Overall, the population grew significantly during the 1800s, 1810s, and 1820s, stagnated during the 1830s, and rose sharply again thereafter. At the turn of the century, Lyon emerged diminished from the revolutionary turmoil, having lost 20,000 inhabitants. The population stood at 88,000 in 1800[6] and reached 94,000 in the census of 1804. Under the First Empire, demographic growth was strong, reaching 121,000 people by 1812.[5][6] Subsequently, the population reached approximately 150,000 in 1827 and 178,000 in 1847.[7]
Comparing the mid-century population of 178,000 to the pre-Revolution figure of 150,000 might suggest slow growth compared to national trends. However, while the commune of Lyon itself grew moderately, its suburbs experienced a massive influx. In fifty years, Vaise grew from 2,200 to 7,850 residents; La Croix-Rousse from 6,000 to 28,700; and La Guillotière from 6,000 to 41,500. Thus, the Lyon metropolitan area as a whole experienced growth comparable to other major European industrial cities.[8]
In 1852, the city annexed the three communes of Vaise, La Croix-Rousse, and La Guillotière, bringing the total population to 234,531. Subsequent censuses recorded 255,960 in 1856; 297,251 in 1861; 300,761 in 1866; 301,307 in 1872; and 321,596 in 1876. During the Second Empire, population growth occurred mainly outside the city limits in communes that would become the 6th arrondissement of Lyon, Villeurbanne, Vénissieux, Vaulx-en-Velin, Bron, and Oullins. During the same period, central districts—particularly the Peninsula and Croix-Rousse—saw their populations decline.[9]
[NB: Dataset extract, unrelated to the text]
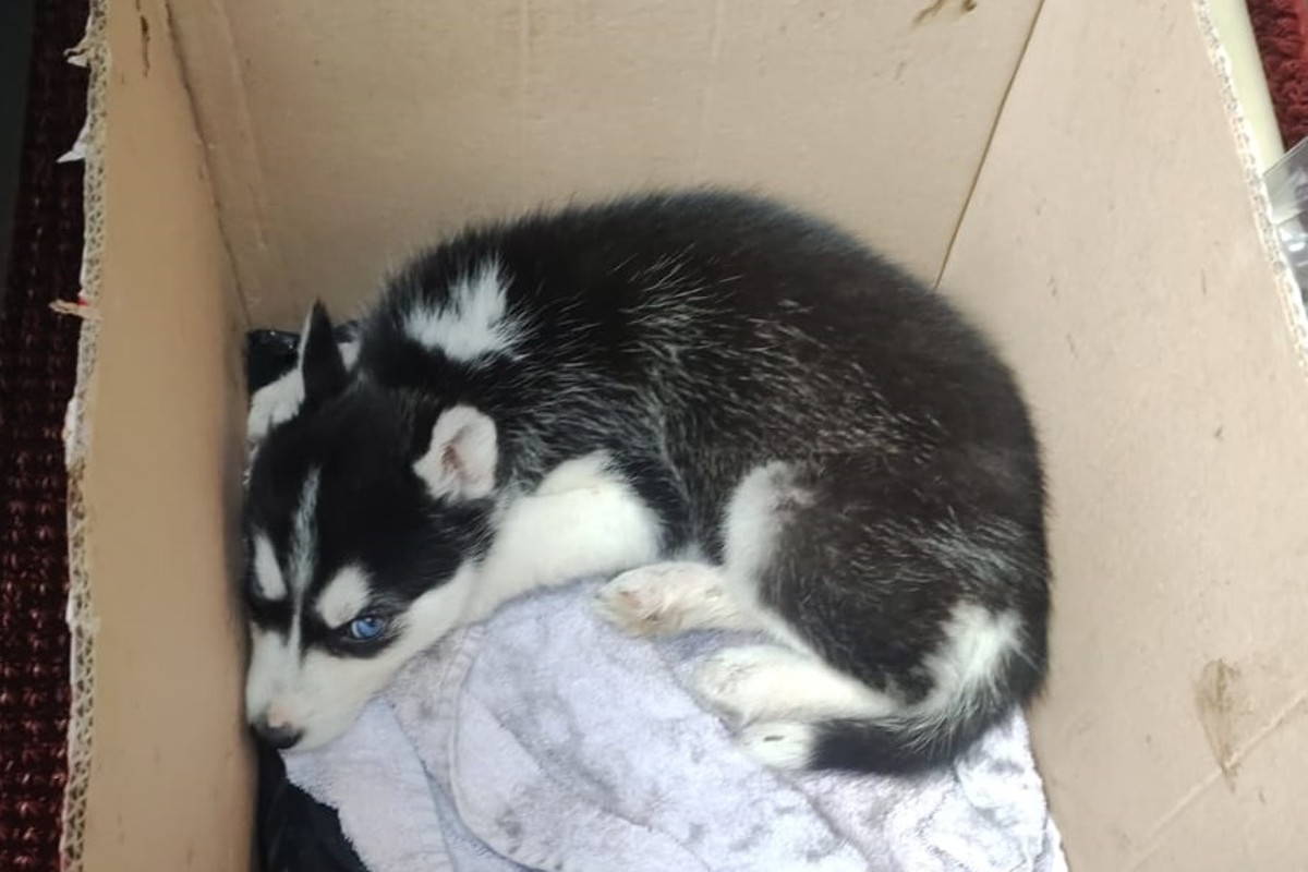 5 Wochen alter Husky-Welpe im Karton (Bildquelle: Polizeipräsidium Südosthessen - Offenbach)

The vast majority of this increase was due to immigration. In the 1820s, only 40% of the city's population were natives of Lyon.[10] By the 1850s, less than 30% of the working-class population was born in the city. Most immigrants came from neighboring departments: Ain, Isère, Savoie, and Loire. Non-French residents accounted for only 12% of men and 3% of women.[11]
Urban transformations
General developments
Within the original city limits, large spaces were freed during the Revolution by the sale of church property.[N 1] These areas were rapidly built upon from the start of the new century.[3] Silk workers, needing to house new and very large looms, migrated from the Saint-Jean and Saint-Paul districts to new buildings specifically designed for this activity in the 1830s and 1840s, notably on the Croix-Rousse hill.[3]
It was under the Second Empire that most major urban renovations took place. The Prefect of the Rhône and Mayor of Lyon, Claude-Marius Vaïsse,[N 2] undertook extensive transformations, similar to Haussmann in Paris, for reasons of both prestige and security.[4] He relied on the chief engineer of roadways, Gustave Bonnet, and the architect Benoît Poncet, who completed the Rue Impériale (now Rue de la République) in the 1850s.[3][12]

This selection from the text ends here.